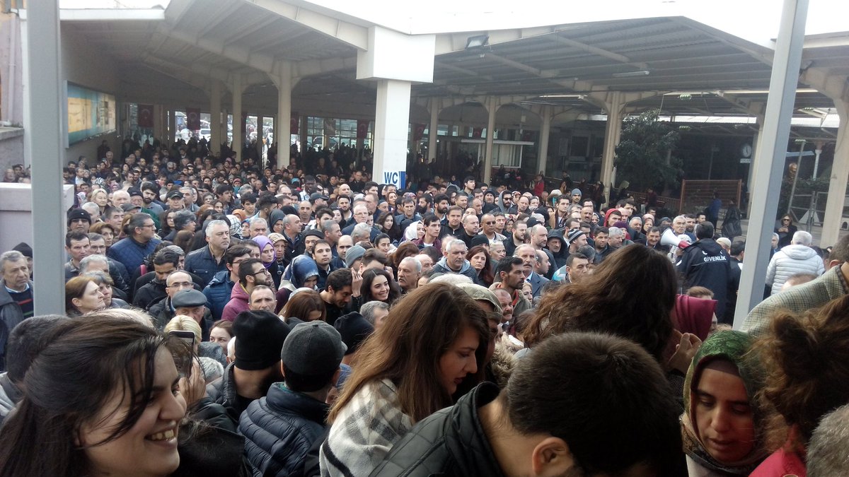 Marmaray’ı kullanmak isteyen yolcular Marmaray istasyonu dışında bekletilip sırayla kontrollü olarak içeri alınıyor.
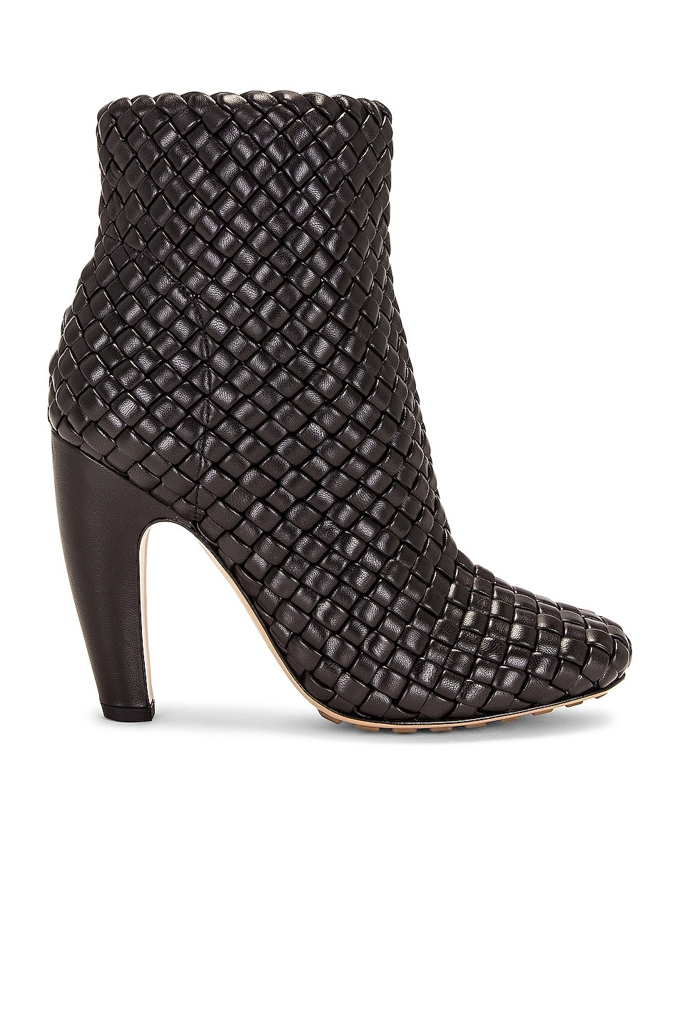 Details - Padded intrecciato lambskin with rubber-injected leather sole - Made in Italy - Slip-on styling - Rounded square toe with curved heel - Approx 108mm/ 4.25 inch heel - Approx 121mm/ 4.75 inch shaft - Our Style No. BOTT-WZ358 - Manufacturer Style No. 716171-V2EH0-1000
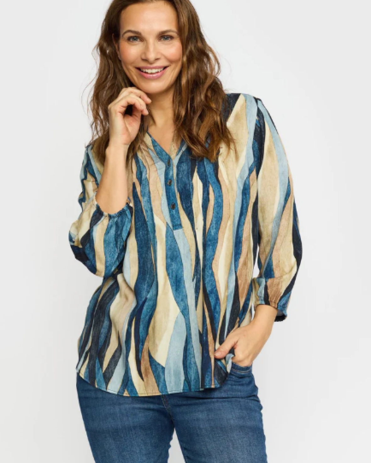 DORTE BLUSE-2-BIZ Bluse med trekvartærmer og elastik der har en v-udskæring med knaplukning. Den har flæser hen også brystet, som giver et flot spil i blusen.
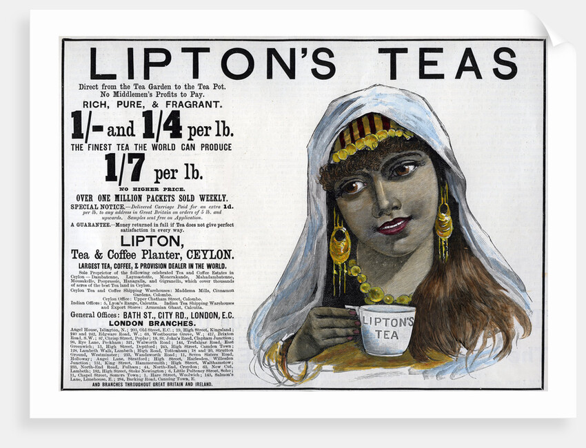 Lipton's Teas advertisement, 1893. Hand-coloured later.
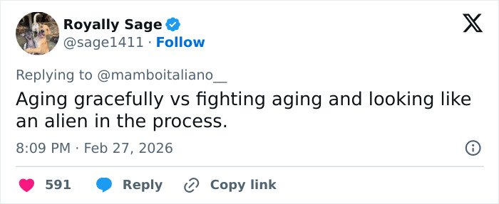 “Aging gracefully vs fighting aging and looking like an alien in the process,” added a third.
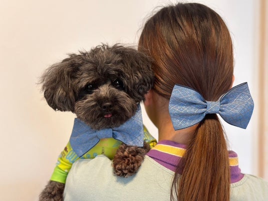 大切なペットの事を傷つけないように軽い木のビーズを使って調整できる蝶ネクタイとリボンモチーフのヘアゴムやヘアバンドをお揃いでつけられるようになっています。
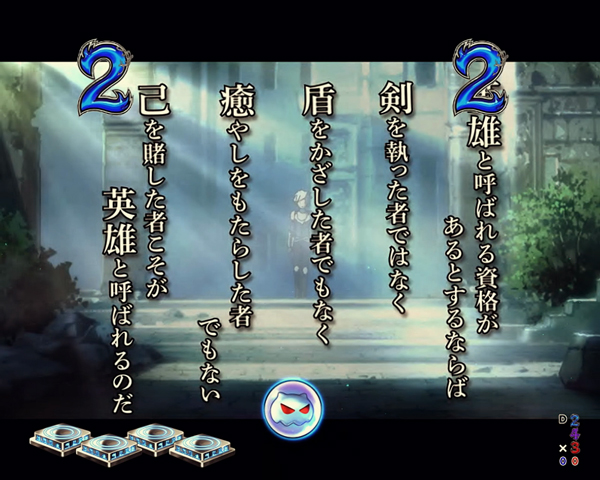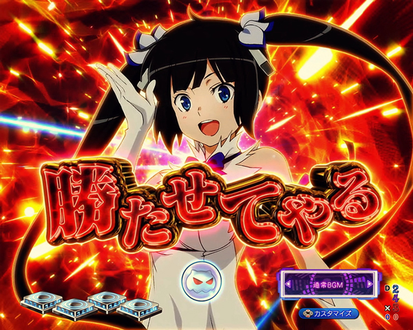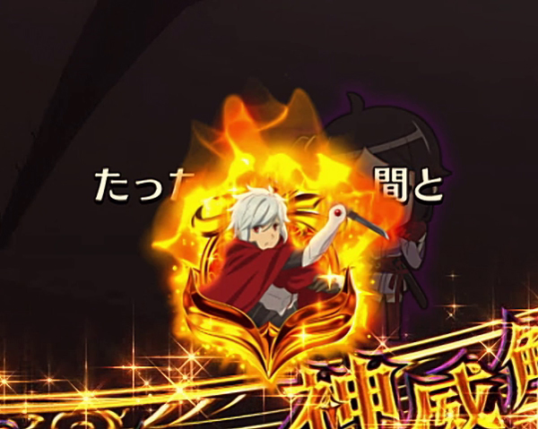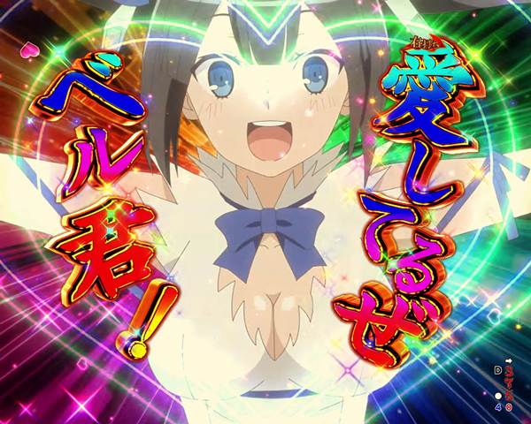 内容 期待度 TOTAL 56.7% 命「ベル殿ならあちらに・・・」(デフォルト色文字) 47.2% 命「ベル殿ならあちらにいます!」(赤色文字) 83.8% 命「あちらでFEVERなら見ました!」(金色文字) 大当り濃厚 春姫「ベル様はあちらにいらっしゃいます!」(赤色文字) 83.8% 春姫「あちらでFEVERならば見ました!」(金色文字) 大当り濃厚
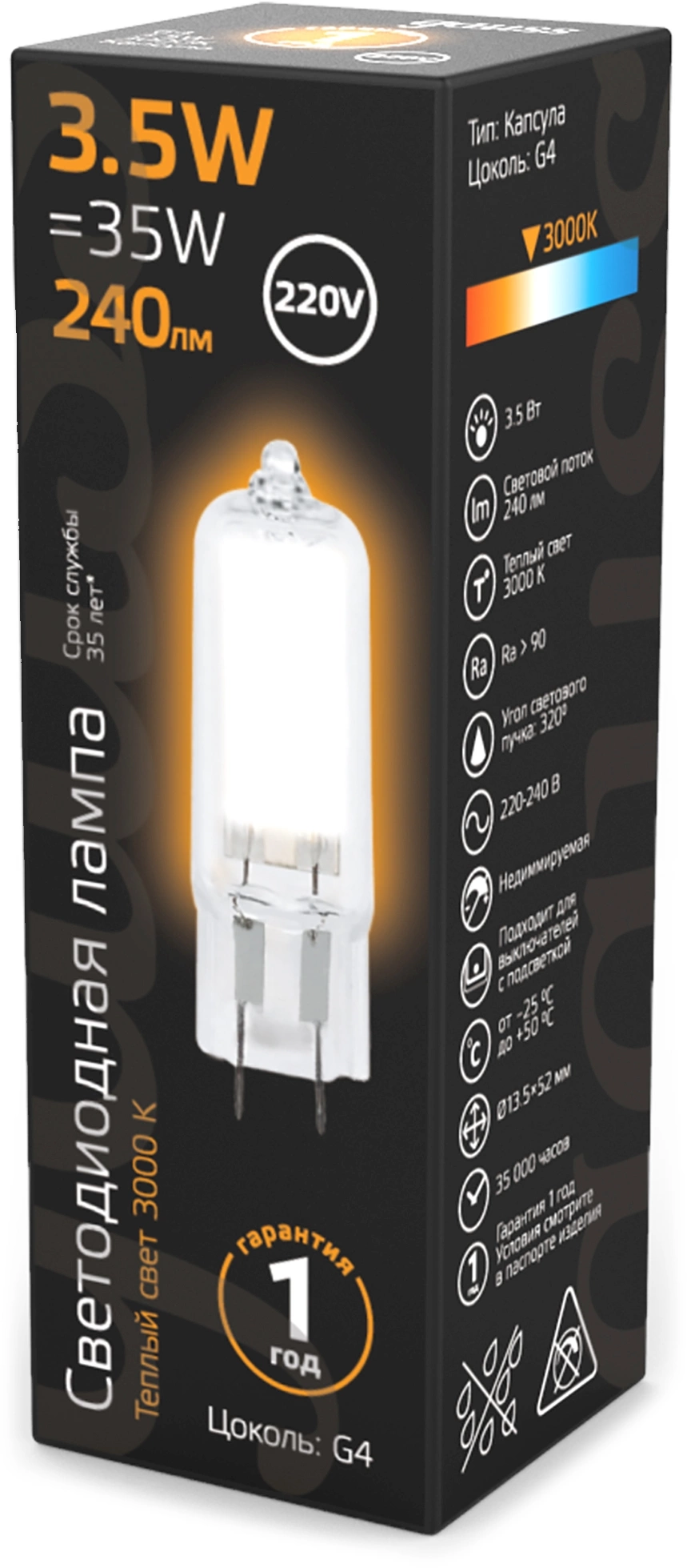 Лампа светодиодная Gauss G4 3.5Вт цок.:G4 капсул. 220B св.свеч.бел.теп. (упак.:10шт) (107807103)
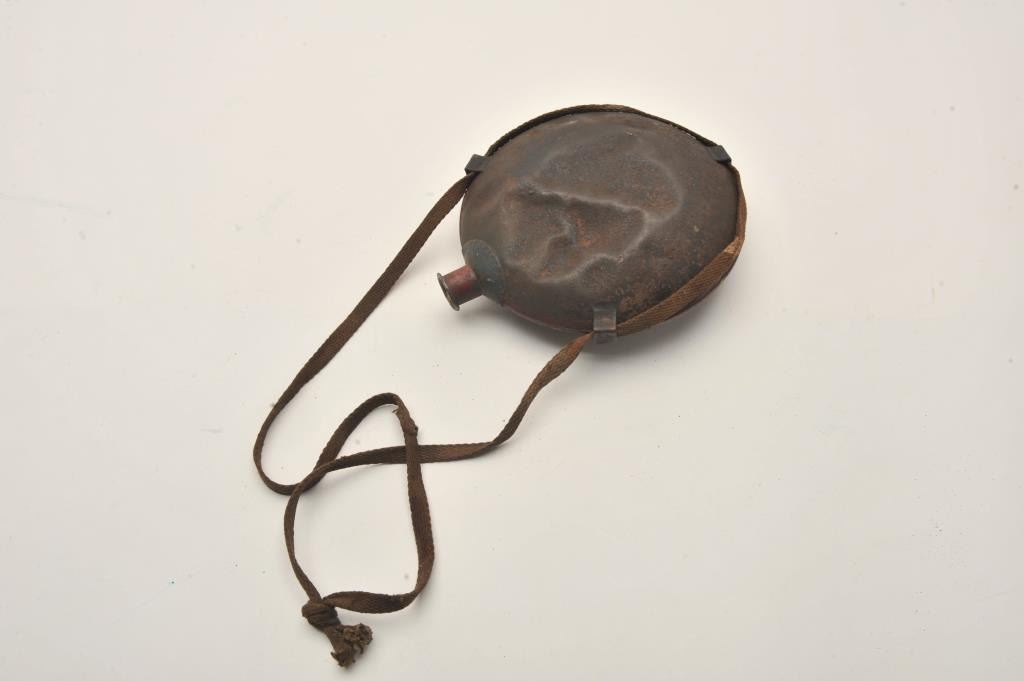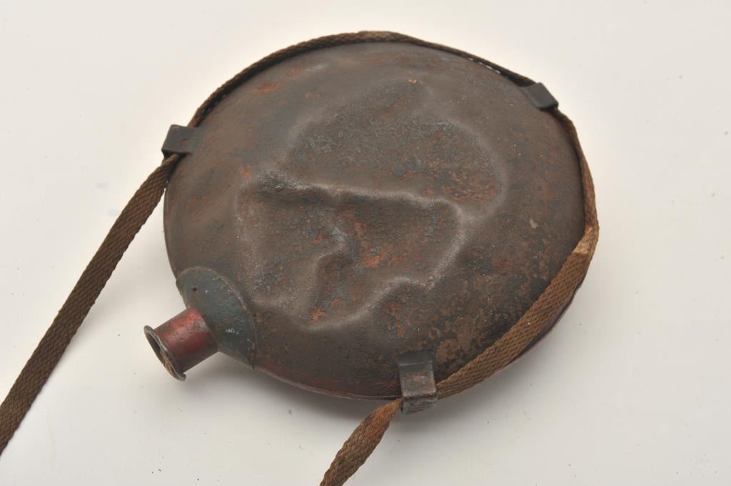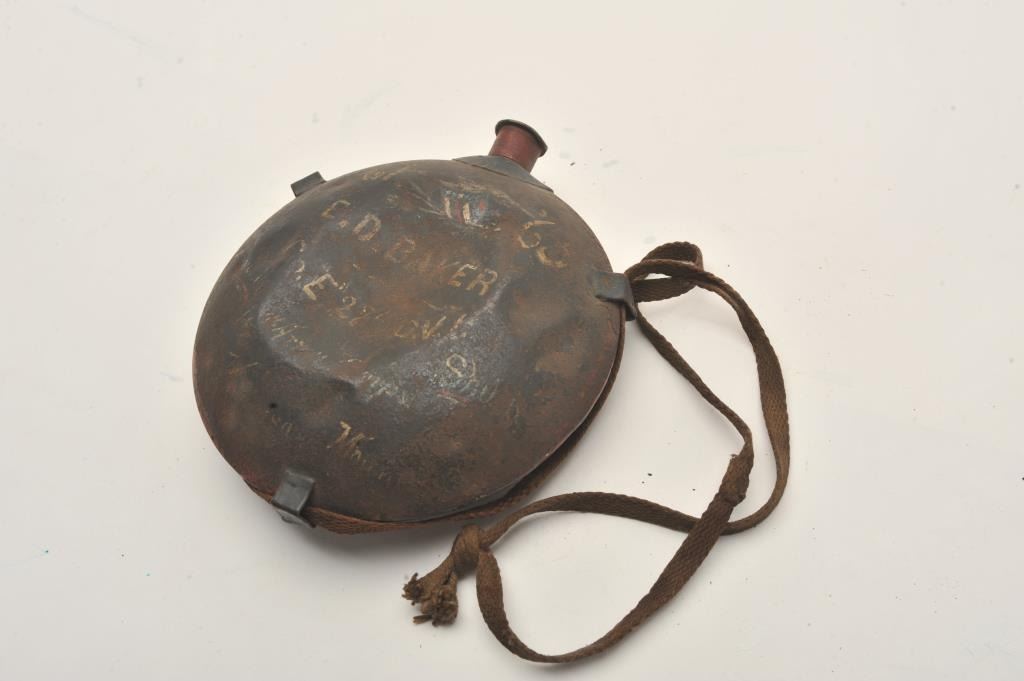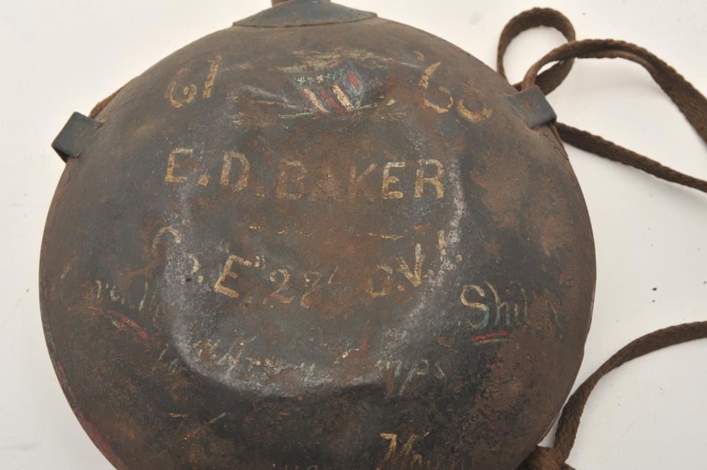 Metal circular Civil War era canteen with woven fabric carry strap, approximately 8” in diameter with painted inscription: “61-red, white and blue chevron-65/E. D. Baker/Co. “E” 27th O.V.I./Shiloh/Kennesaw Mountain” and other markings partially visible; heavy dark patina to canteen with partial red painted trim to body and spout; many old dents; partial old cork stopper remains. Accompanied by copies of service and pensionrecords from the National Archives indicating Emanuel D. Baker was a Private in the 27th Ohio Infantry, enlisting on Aug. 1, 1861, mustering into the Veteran Vols. on Dec. 31, 1863; saw service in Missouri, Tennessee,Mississippi, Georgia and Kentucky until mustering out on July 11, 1865. Est.: $300-$600.
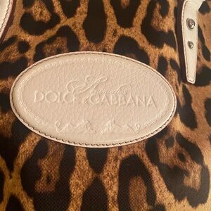 Chic Dolce & Gabbana tote featuring a bold leopard pattern. Cream accents enhance its stylish look. Perfect for any fashion-forward ensemble.

☆ ☆ ☆ ☆ ☆ ☆ ☆

* [WHAT IS BEING ASKED]:
Look above for the line holding "DORTE BLUSE-2-BIZ Bluse" and output everything from it down to the line holding "added a third.", both ends included, exactly and without images.

* [SOLUTION]:
 DORTE BLUSE-2-BIZ Bluse med trekvartærmer og elastik der har en v-udskæring med knaplukning. Den har flæser hen også brystet, som giver et flot spil i blusen.
 Lipton's Teas advertisement, 1893. Hand-coloured later.
 “Aging gracefully vs fighting aging and looking like an alien in the process,” added a third.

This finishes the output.